Low Duration Strategy Overview

An overview of PIMCO’s Low Duration strategy, which extends duration beyond traditional money market and short-term vehicles to seek excess relative returns, with modest additional risk.

What is Low Duration?

PIMCO’s Low Duration strategy seeks maximum total return, consistent with preservation of capital and prudent investment management. The strategy aims to produce low volatility of returns and minimal credit risk without sacrificing liquidity. Low duration strategies invest within a diversified range of fixed income securities while maintaining average portfolio duration of one to three years under most market conditions. The strategy extends duration beyond traditional money market and short-term vehicles to develop a greater opportunity set from which to invest, thus potentially generating excess relative returns. The Low Duration strategy focuses on the higher yielding sectors while attempting to maximize expected total return. PIMCO’s analytical capabilities assist in the selection of these securities.

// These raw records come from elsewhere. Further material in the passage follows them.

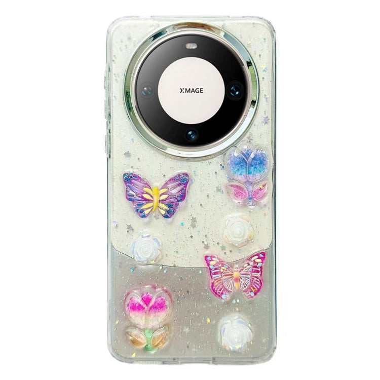 Estuche para Huawei Mate 60 de TPU con Mariposas de Cristal Colorido Tridimensional (Flores de Mariposa)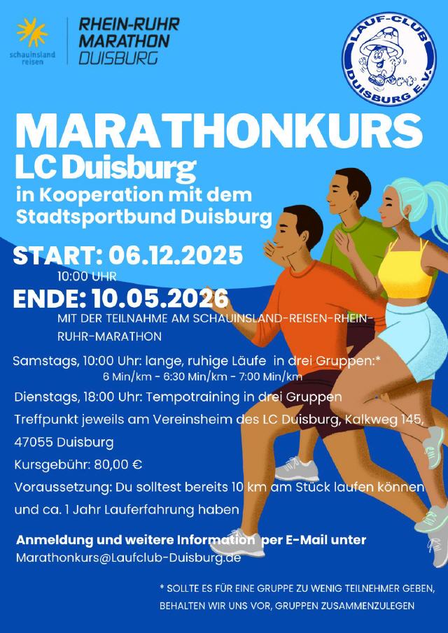 Der LC Duisburg bietet als Vorbereitung zum 43. schauinsland-Reisen-Marathon wieder einen Marathon-Kurs an. Am 6. Dezember 2025 startet am Vereinsheim die erste Einstimmung für den Lauf quer durch Duisburg. In bewährter Manier eignet sich der Marathon-Kurs sowohl für Erst-Marathonis als auch für Routiniers, die sich in der Gemeinschaft auf den Traditionslauf vorbereiten wollen. Ziel ist das Finish am 10. Mai 2026 in der schauinsland-reisen-arena. Geplant sind mehrere nach Tempo unterteilte Gruppen. Konkrete Informationen gibt es in den nächsten Wochen über die Medienkanäle des LC, insbesondere auf der Homepage. Für LC-Mitglieder ist die Teilnahme am Marathon-Kurs kostenfrei.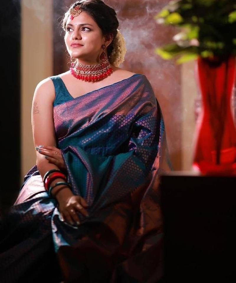 Rema soft art silk banarasi jacuard work designer party wear saree with unstitched blouse piece

Past performance is not a guarantee or a reliable indicator of future results. All investments contain risk and may lose value. Investing in the bond market is subject to risks, including market, interest rate, issuer, credit, inflation risk, and liquidity risk. The value of most bonds and bond strategies are impacted by changes in interest rates. Bonds and bond strategies with longer durations tend to be more sensitive and volatile than those with shorter durations; bond prices generally fall as interest rates rise, and the current low interest rate environment increases this risk. Current reductions in bond counterparty capacity may contribute to decreased market liquidity and increased price volatility. Bond investments may be worth more or less than the original cost when redeemed. Mortgage and asset-backed securities may be sensitive to changes in interest rates, subject to early repayment risk, and while generally supported by a government, government-agency or private guarantor there is no assurance that the guarantor will meet its obligations. PIMCO strategies utilize derivatives which may involve certain costs and risks such as liquidity, interest rate, market, credit, management and the risk that a position could not be closed when most advantageous. Investing in derivatives could lose more than the amount invested. The credit quality of a particular security or group of securities does not ensure the stability or safety of the overall portfolio. There is no guarantee that this investment strategy will work under all market conditions or are suitable for all investors and each investor should evaluate their ability to invest for a long-term especially during periods of downturn in the market. Diversification does not ensure against loss. Investors should consult their investment professional prior to making an investment decision.

This material contains the current opinions of the manager and such opinions are subject to change without notice. This material has been distributed for informational purposes only and should not be considered as investment advice or a recommendation of any particular security, strategy or investment product.